Hey Leute, Ich bin 21 Jahre alt und noch in der (mittlerweile verlängerten) Probezeit. Wurde vor ca. 1,5 Jahren beim breit fahren erwischt, n gutes Jahr Lappen weg, MPU, Probezeitverlängerung etc., hab ihn jedoch mittlerweile wieder.

Nun hatte ich mit einem Freund Streit, wurde zu ihm gefahren, er wollte mich nicht reinlassen und hat die Polizei gerufen (bitte keine Kommentare zu Letzterem, das tut nicht zur Sache). Diese hat mir dann gesagt es bestehe Verdacht darauf, dass ich etwas konsumiert habe, also mit auf Wache und Urin-Test gemacht (welchen ich hätte verweigern können ich, weiss..). Positiv, daraufhin Blutabnahme. Es steht noch in Frage, ob ich selbst gefahren bin, da eine einzelne Aussage (mein "Freund", der mich angeblich aus dem Auto hat aussteigen sehen) gegen 3 Gegenaussagen (meine Eltern, die mich gefahren haben und ich) steht.

Option 1: Das Gericht befindet mich für schuldig und schenkt der Tatsache glauben, dass ich auch gefahren bin, oder

Option 2: Das Gericht sagt, ich bin nicht selbst gefahren.
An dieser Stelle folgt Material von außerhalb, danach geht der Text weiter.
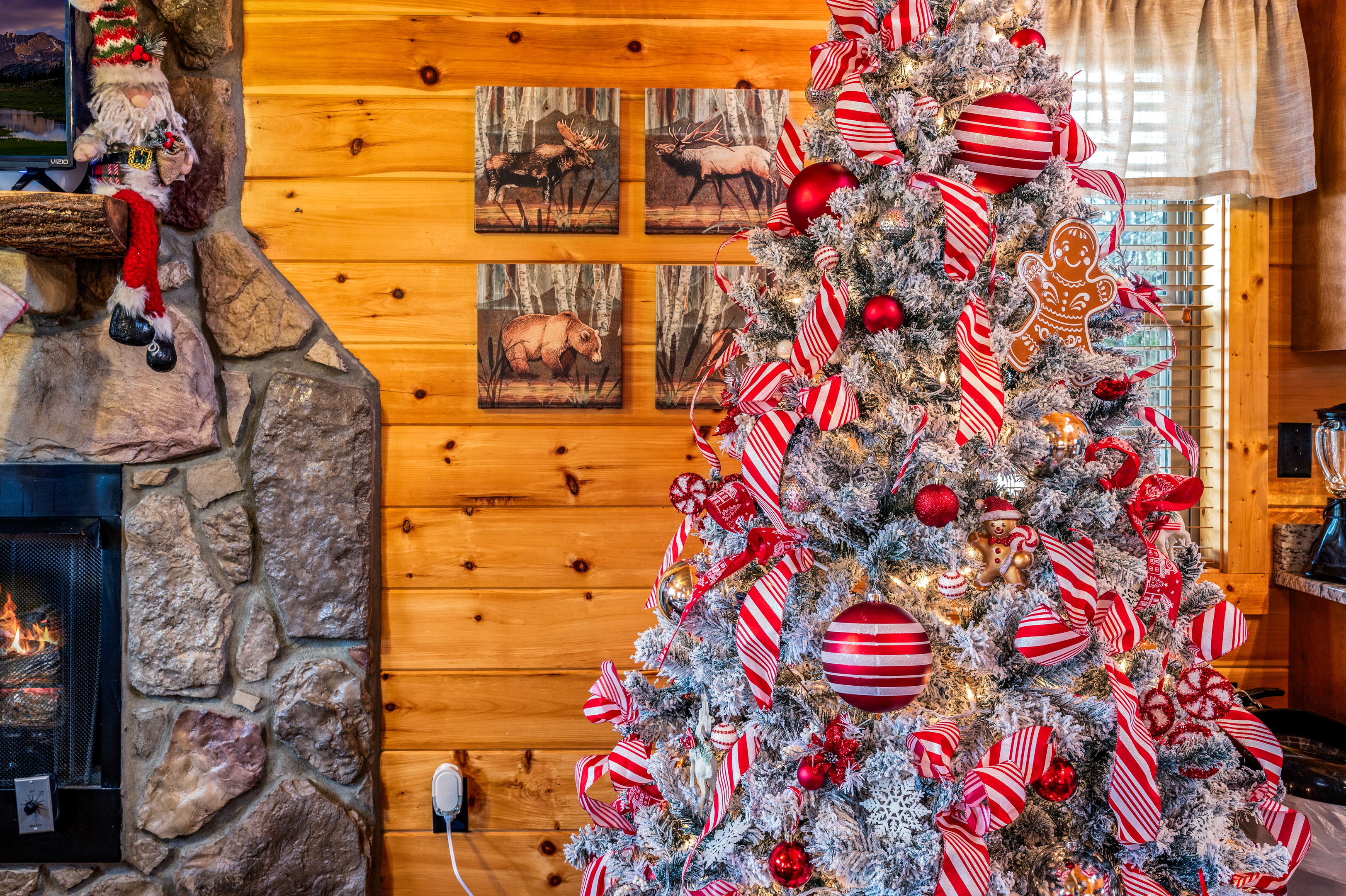 The main floor is an open-concept space with a spacious kitchen with stainless steel appliances, a large comfortable seating area with a smart TV, and a cozy fireplace. The sleeping area has a king-sized log bed and a heart-shaped jacuzzi tub. A full bathroom is also on this level with a large shower (for two, perhaps?).
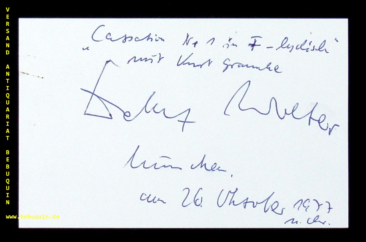 WOLTER, Detlev (Komponist): eigenhändig signierter und datierter Autogrammkarten. München, 26.10.1977. 8 x 12,5 cm. Karteikarte. Detlef Franz Emil Wolter (* 11. März 1933 in Berlin; † 23. Februar 2002 ebenda) war ein deutscher Komponist. (Wikipedia)

Was wird/kann nun auf mich zukommen? Wenn ich für schuldig befunden werde wieder wohl volles Programm, nur härter und teurer? Und Wenn ich für nicht schuldig befunden werde? Dann müsste meines Erachtens die Anzeige, sprich Bußgeld und Fahrverbot fallen gelassen werden, richtig? Meine Sorge bei Letzterem ist, dass das Straßenverkehrsamt trotzdem Meldung über den positiven Test bekommt und meine Fahrtauglichkeit wieder in Frage gestellt wird.

Wenn noch Informationen fehlen, lasst es mich wissen, ansonsten erleuchtet mich :)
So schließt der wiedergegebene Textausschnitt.